The party was a great success, and everybody complimented her on the meal, the salmon in particular. But later as the house got stuffy, the maid opened the back door to let in some air and was horrified at what she saw. The maid tiptoed in and whispered in her boss’s ear, “Your cat is lying dead out on the back porch!”

The hostess had no alternative but to admit to all of her guests that the cat had earlier eaten some of the salmon and was now dead, presumably from food poisoning. She even had to telephone a few couples who had departed the party early. The hostess and all of her guests rushed to a hospital to have their stomachs pumped.
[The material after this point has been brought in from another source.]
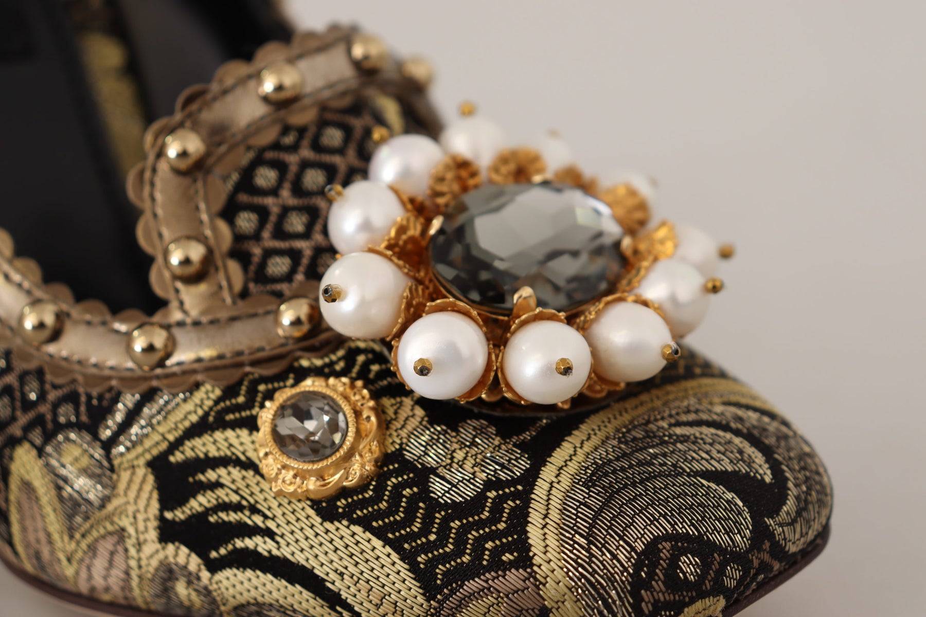 Step into luxury with these exquisite Dolce & Gabbana jacquard brocade square toe pumps. Adorned with pearls and studs for a touch of opulence, they sit atop a sturdy block heel. A perfect blend of style and comfort, designed to elevate any ensemble. Crafted in Italy, each step reflects the premium quality and attention to detail synonymous with Dolce & Gabbana.

The morning after the disastrous dinner party the woman’s neighbor came over to offer her apologies. She explained that during the party last night she had accidentally backed her car over the cat, killing it. “I knew you were having a big dinner, and I just didn’t want to spoil your good time, so I left your cat’s body on the back porch.”

 

 

This story has been a staple of joke books, newspaper columns, and oral tradition for at least 60 years. The main dish at the party is generally seafood—a fish casserole, shrimp salad, salmon mousse, or the like. Even in modern versions mentioning pizza, the suspect topping is anchovies. In Europe the preferred version of the story is that a family picks wild mushrooms and tests some of them on their dog or cat; I heard this one in Romania in 1981. A version in which the mushroom-fed cat seems to be having convulsions was published in a German tabloid in 1981 with its variant conclusion referred to in the headline, “Katze warf Junge—Familie ins Krankenhaus!” (The [pregnant] cat had kittens, but the family went to the hospital!) A transitional American version has the hostess skimming off some scum from atop a can of mushroom soup required in her recipe, then feeding the skimmed scum to her dog. Several stories, plays, and movies have incorporated the poisoned-pet legend, the most recent being the 1989 film
Her Alibi
in which the cat is thought to have died from eating contaminated stew.

“The Bug under the Rug”

 

As told by Alex Thien

 

A
friend of mine says a man and wife enjoyed travel more than anything. With the new welcome to Americans from the Soviet Union, they decided to visit Moscow.

In their room at an old, classic hotel not far from Red Square, she said, “I’m still nervous about all this. Are you sure this room isn’t bugged?”

“There’s no reason why it should be,” he said, “but I’ll look around.”